On her business card, email signature and websites, Heidi Siefkas describes herself as an author and adventurer.
For the past few years, she has been living her passions for writing and traveling. Each year, she punctuates her split residency in Plantation and Kauai, Hawaii, by leading several international tours lasting one to three weeks. On her downtime, she blogs about her travels and writes books.
Sure, with a talent for writing, with travels under her belt, and as a former Spanish teacher, and marketing and public relations executive within the travel industry, Siefkas had the credentials to live this idyllic life.
But it took an awakening.
In her debut memoir “When All Balls Drop: The Upside of Losing Everything,” which she released a year ago this month, she shared the impetus for this awakening.
While walking along a driveway in September 2009, an almost 1,000-pound tree limb fell from about 40 feet in the air, knocking her unconscious and leaving her with a massive concussion, brain bleeding and a broken neck.
Within the subsequent several months, she was forced to resign from her job and divorced her husband, who was being unfaithful.
Earlier this month, Siefkas officially released a 276-page sequel to the first book titled “With New Eyes: The Power of Perspective,” published by marketing company and publishing service Wheatmark.

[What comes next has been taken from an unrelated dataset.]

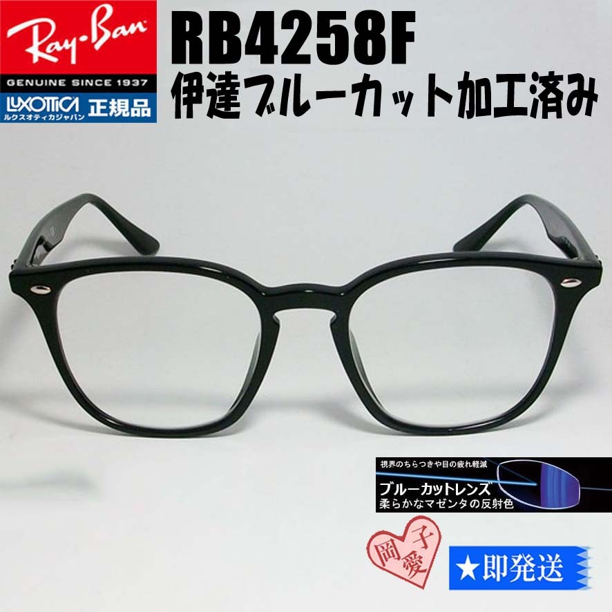 - 伊達ブルーカット★RB4258F-DATEBP-52★RayBan レイバン UVカット ブルーライトカット加工済み メガネ ブラック フレーム
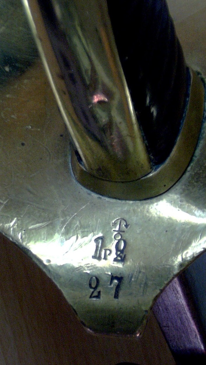 Krone auf der Klinge = militärische Abnahme 12 (überstempelt von PS) über 27 auf dem Gefäß = leider nicht zu deuten, jedoch alter Kavalleriestempel.

Whereas the first memoir followed Siefkas from fall 2009 to summer 2010, through recovery, the second follows her from summer 2010 to spring 2011, through rebuilding — returning to her childhood home, plunging into the dating world, revisiting old flames, selling her first home, jumping out of a plane and traveling solo to South America.

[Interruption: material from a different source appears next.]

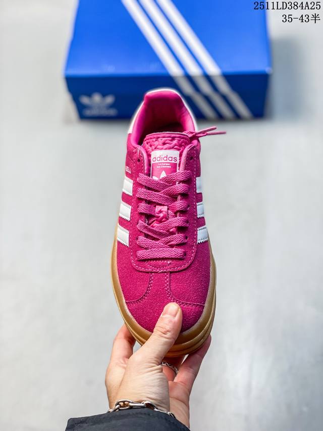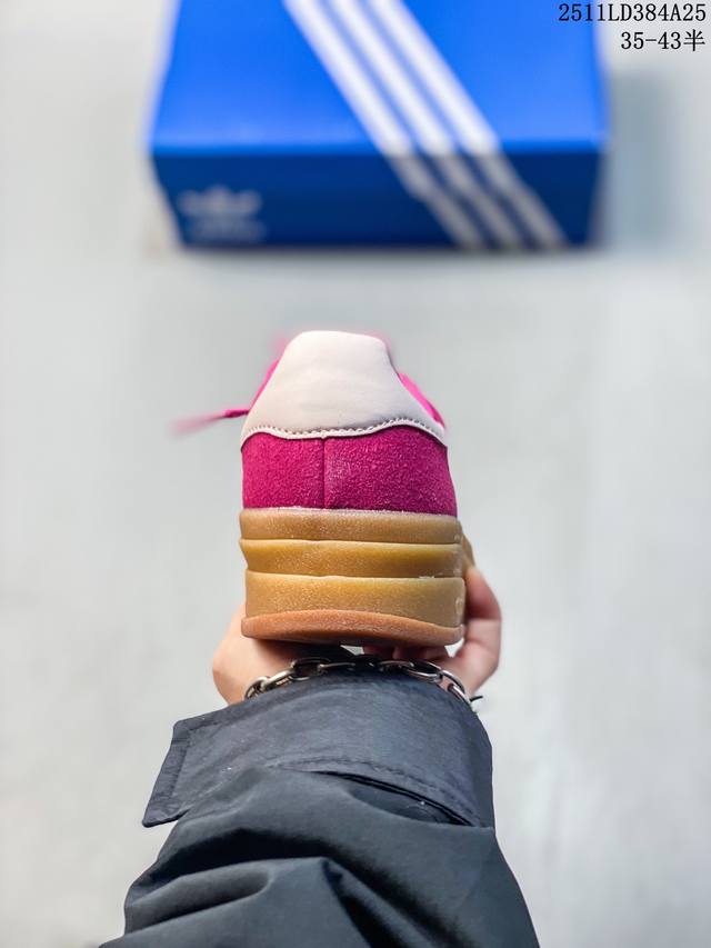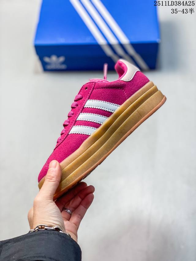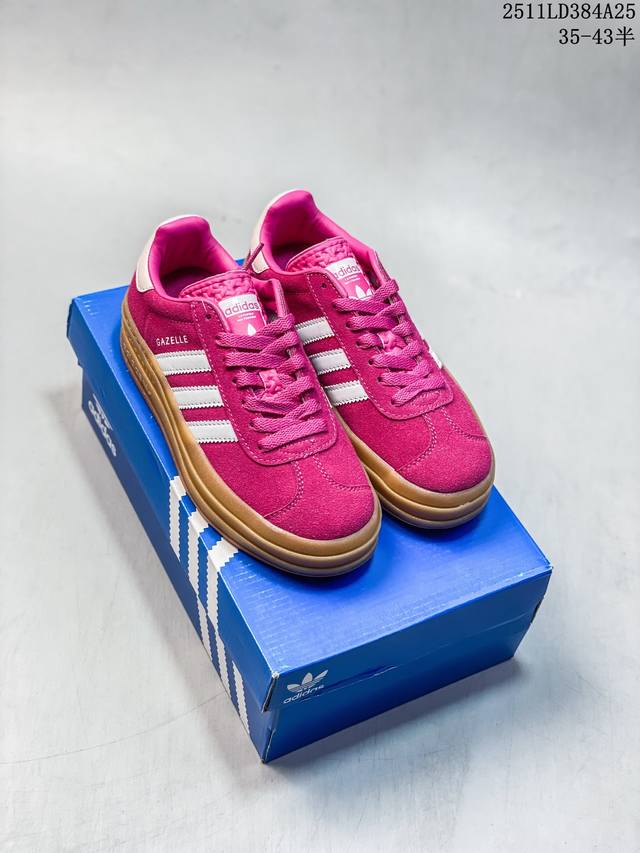 Authentic Adidas 2025 New Year Shoes, Trefoil Gazelle Bold Retro Style Thick-Soled Sneakers. Adidas's evergreen popular Gazelle features a three-layer thick sole design. The stacked design is not only ingenious but also creates a more distinct sense of layering. The thick sole adds at least 3 centimeters to your leg length, no exaggeration. The upper is made entirely of suede leather, exuding a low-key luxurious retro trend. The color scheme is classic and easy to match, ensuring it won't go out of style even after five years. It's versatile enough to change your style every day. Product Code: Jq0955 Sizes: 35-43 (including half sizes) 11Ld384A25

Siefkas adapted both books from journal entries, so they feature vignettes rather than traditional chapters as well as what she describes as “sassy humor.”
Since the time period covered in the books, Siefkas has met “Mr. Right” and has enlisted a company to help turn her first book into a screenplay and shop it around to television networks, with the aim of turning it into a television movie.
In this second book, you talk about “architecting life 2.0.” Explain that.
I had real opportunity to redesign a new life, and I call this redesign of a new life “life 2.0.” It’s very similar to software updates that, in day and age, are flying across our iPhones or our laptops on a daily basis, and just like software, life needs to have these frequent updates to either remove bugs or fix the course that you are on, and in my case, it was a complete overhaul. So the second book talks about “architecting life 2.0,” and it’s geared for really anyone who is at a crossroads at his or her life. You don’t necessarily need to read the first book, as I give a very exciting recap in the first vignette about what has happened.
How else would you describe the book?
“With New Eyes” is a combination of Cheryl Strayed’s “Wild” — although I didn’t walk a 1,000-plus mile hike, I did travel alone and actively seek adventure to tap into that power of perceptive — and there’s also a bit of Elizabeth Gilbert’s “Eat, Pray, Love,” because that was a self-discovery journey, where she was looking for clarity.
What do you want people to take away?
The central message of the book is the power of perspective, and that’s the subtitle of the book — “With New Eyes: The Power of Perspective” — and what I have carried over from the first book is this mantra that I call “look up.” And “look” [and] “up” are two very wise words that I have used not only through recovering from the tremendous loss of three things simultaneously, but also even now to this day, whether I’m going to Costco, I’m in a line at TSA at an airport or I get in a fender-bender.